Write out word for word each line from the one containing "İstanbul Ümraniye’de asker" through the close of the listing, including both ends. Pictures do not belong in the copy.

◆ **GIVEN DATA**:
-=-=-

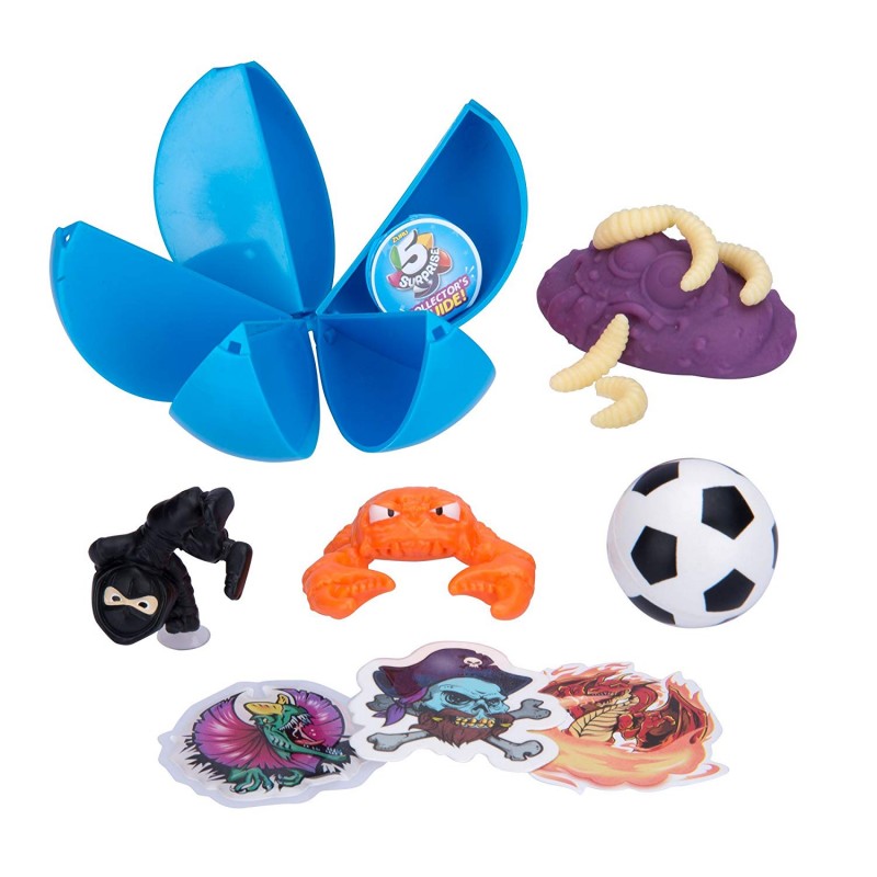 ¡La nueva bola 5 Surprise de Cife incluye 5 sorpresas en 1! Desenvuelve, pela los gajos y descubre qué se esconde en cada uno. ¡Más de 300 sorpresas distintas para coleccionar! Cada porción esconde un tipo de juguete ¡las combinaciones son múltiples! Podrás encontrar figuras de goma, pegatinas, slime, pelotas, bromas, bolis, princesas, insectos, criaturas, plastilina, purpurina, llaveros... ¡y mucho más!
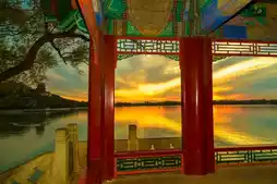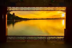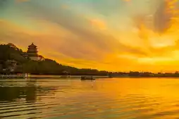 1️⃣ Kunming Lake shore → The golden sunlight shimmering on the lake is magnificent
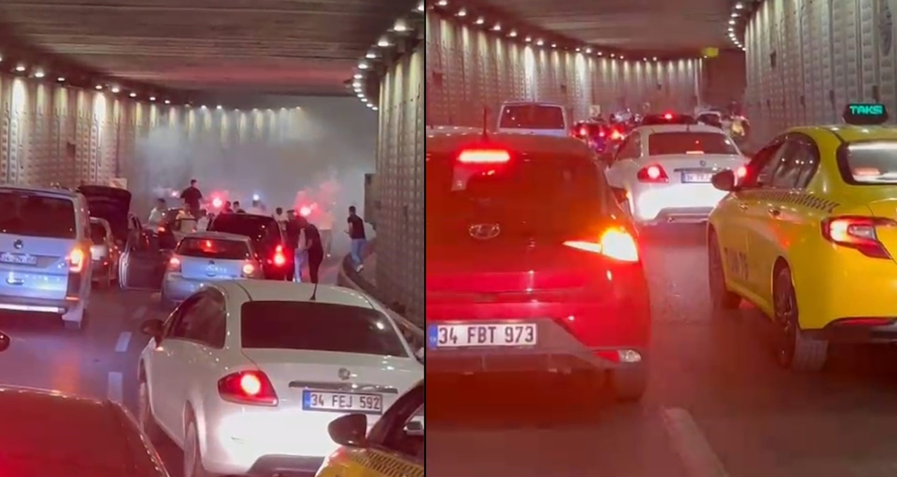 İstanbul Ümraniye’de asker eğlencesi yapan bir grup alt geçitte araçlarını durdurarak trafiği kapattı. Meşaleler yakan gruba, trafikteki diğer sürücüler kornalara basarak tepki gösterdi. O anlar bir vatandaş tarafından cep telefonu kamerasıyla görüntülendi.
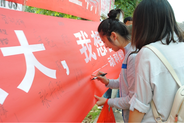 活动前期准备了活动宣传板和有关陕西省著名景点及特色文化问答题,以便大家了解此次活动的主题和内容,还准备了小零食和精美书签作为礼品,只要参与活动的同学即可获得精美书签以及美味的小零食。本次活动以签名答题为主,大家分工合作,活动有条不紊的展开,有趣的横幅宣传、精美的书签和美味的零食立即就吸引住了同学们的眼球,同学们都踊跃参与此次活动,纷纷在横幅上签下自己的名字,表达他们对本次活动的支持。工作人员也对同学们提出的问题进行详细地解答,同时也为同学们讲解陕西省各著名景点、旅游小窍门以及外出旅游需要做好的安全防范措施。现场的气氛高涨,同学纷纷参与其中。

-=-=-

◆ **RESPONSE BOX**:
 İstanbul Ümraniye’de asker eğlencesi yapan bir grup alt geçitte araçlarını durdurarak trafiği kapattı. Meşaleler yakan gruba, trafikteki diğer sürücüler kornalara basarak tepki gösterdi. O anlar bir vatandaş tarafından cep telefonu kamerasıyla görüntülendi.
 活动前期准备了活动宣传板和有关陕西省著名景点及特色文化问答题,以便大家了解此次活动的主题和内容,还准备了小零食和精美书签作为礼品,只要参与活动的同学即可获得精美书签以及美味的小零食。本次活动以签名答题为主,大家分工合作,活动有条不紊的展开,有趣的横幅宣传、精美的书签和美味的零食立即就吸引住了同学们的眼球,同学们都踊跃参与此次活动,纷纷在横幅上签下自己的名字,表达他们对本次活动的支持。工作人员也对同学们提出的问题进行详细地解答,同时也为同学们讲解陕西省各著名景点、旅游小窍门以及外出旅游需要做好的安全防范措施。现场的气氛高涨,同学纷纷参与其中。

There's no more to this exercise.